Tag Archives: NCDE

Frank Vitale: Montana Faces New Threat to Its Wildest Lands

Several Types of Public Lands
Several types of public lands: Flathead National Forest is in the foreground, left and right; Montana’s Coal Creek State Forest, including Cyclone Lake, is in the middle distance; Glacier National Park stretches across the background.

Founding NFPA member Frank Vitale gets some virtual ink with this well thought out opinion piece appearing in several newspapers, including the Flathead Beacon . . .

It was early summer in 1992, in the northern Whitefish Range. Four riders were moving slowly along the narrow rocky ridge on Trail to where it joined Trail , and eventually up to the top of Tuchuck Mountain. I was told that the name “Tuchuck” in the Kootenai language means “the thumb.”

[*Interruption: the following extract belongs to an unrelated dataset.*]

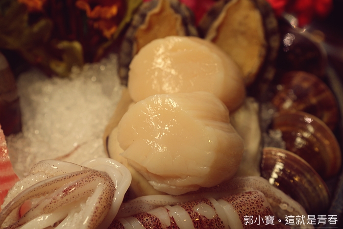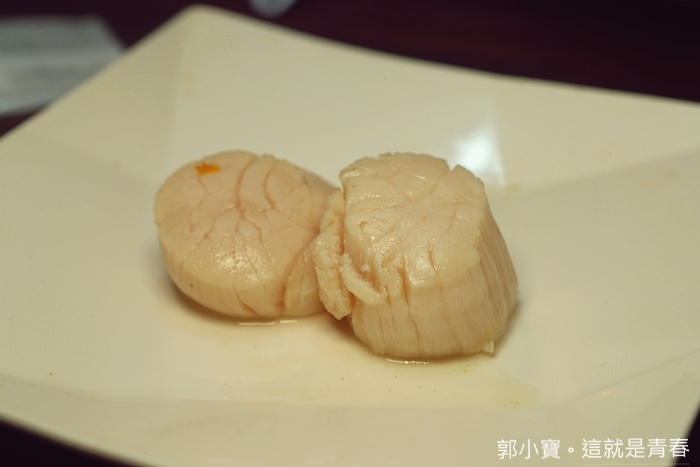 | 同樣也是生食級的大干貝,記得干貝也不要涮太久,不然會太老造成口感沒有那麼好,銅花的干貝除了碩大以外,彷彿都可以撕成干貝絲的視覺感很好,入口同樣十分滿意。 |

It was a beautiful sunny day with a light westerly breeze. Wildflowers were in full view everywhere. Some of the open subalpine slopes looked as if they were rototilled with clumps of dirt overturned and rocks strewn everywhere. Obviously, grizzly bears were working over the slopes and digging up the succulent roots of glacier lilies, biscuitroot, sweet vetch and other favorite plants in these subalpine meadows.

I was one of those four riders, trailing one of my young mules. I’d ridden and hiked this trail many times before, and in some hunting seasons, packed out elk. I know this country well. Although it’s been a number of years since I led a packstring up into the northern Whitefish Range, I remember the view from our vantage point on that day. Looking east, from north to south, one could view the start of the Canadian Rockies clear over to the high peaks in southern Alberta, and the whole western expanse of Glacier National Park clear down to the Great Bear Wilderness and the Middle Fork of the Flathead River.

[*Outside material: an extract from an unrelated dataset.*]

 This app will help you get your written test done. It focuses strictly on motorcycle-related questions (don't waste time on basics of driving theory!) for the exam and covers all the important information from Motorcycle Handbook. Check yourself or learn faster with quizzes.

Looking northwest, one could see clear into the rugged peaks of southeastern British Columbia, and south all the way down to the Cabinet Mountain Wilderness and beyond.

I reflect back on my many years and many miles in the saddle leading a packstring of mules across some of the wildest country left in the Northern Rockies. This includes the Bob Marshall Wilderness, Badger-Two Medicine, Rocky Mountain Front, Scapegoat, Great Bear, wild Swan, and the Whitefish Range. This country has been the center of my universe for nearly 50 years.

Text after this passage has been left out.